--- Exercise aim ---
Produce a word-for-word copy of the listing below without its pictures.

--- Given information ---
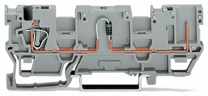 zł. baz. do zab. el. 1-przew./1-pinowa; z podwójnym mostkowaniem; z diodą 1N4007; anoda po prawej; na szynę TS 35 x 15 i 35 x 7,5; 4 mm²; CAGE CLAMP®; szary
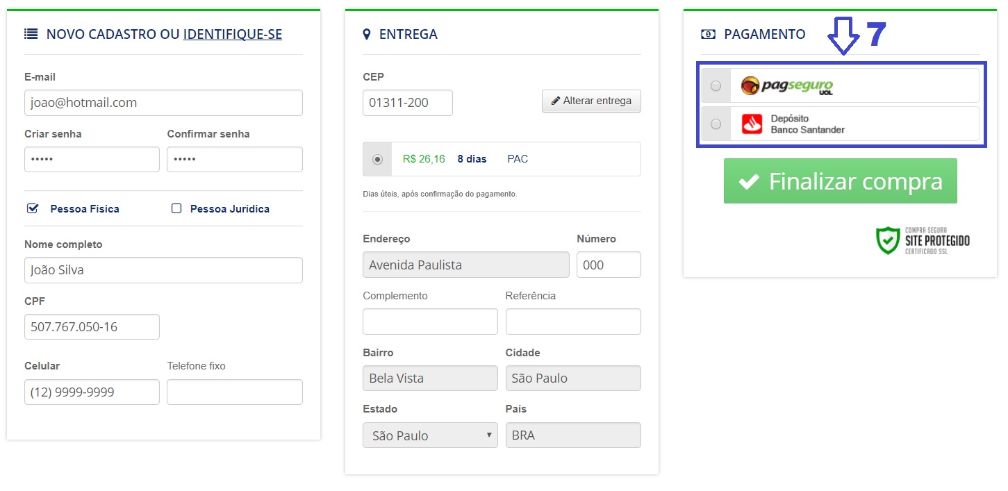 7. Preencha o dados cadastrais e selecione uma forma de pagamento (com o PagSeguro é possível parcelar e pagar com cartões de crédito, débito, transferência bancária ou boleto)
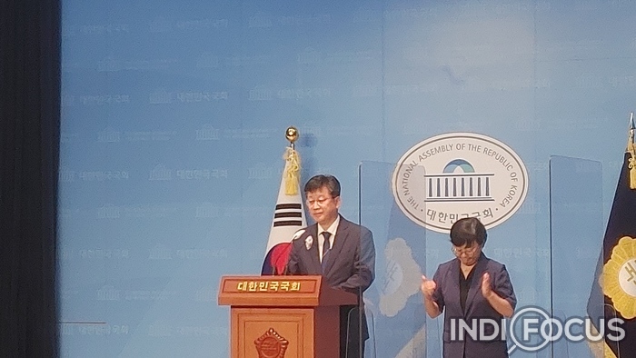 ▲ 더불어민주당 안호영 수석대변인이 6일 오후 국회 소통관에서 기자회견을 갖고, 검찰의 경기도청 사무실 압수수색과 관련한 입장을 표명하고 있다. © 이태훈 기자

--- The answer ---
 zł. baz. do zab. el. 1-przew./1-pinowa; z podwójnym mostkowaniem; z diodą 1N4007; anoda po prawej; na szynę TS 35 x 15 i 35 x 7,5; 4 mm²; CAGE CLAMP®; szary
 7. Preencha o dados cadastrais e selecione uma forma de pagamento (com o PagSeguro é possível parcelar e pagar com cartões de crédito, débito, transferência bancária ou boleto)
 ▲ 더불어민주당 안호영 수석대변인이 6일 오후 국회 소통관에서 기자회견을 갖고, 검찰의 경기도청 사무실 압수수색과 관련한 입장을 표명하고 있다. © 이태훈 기자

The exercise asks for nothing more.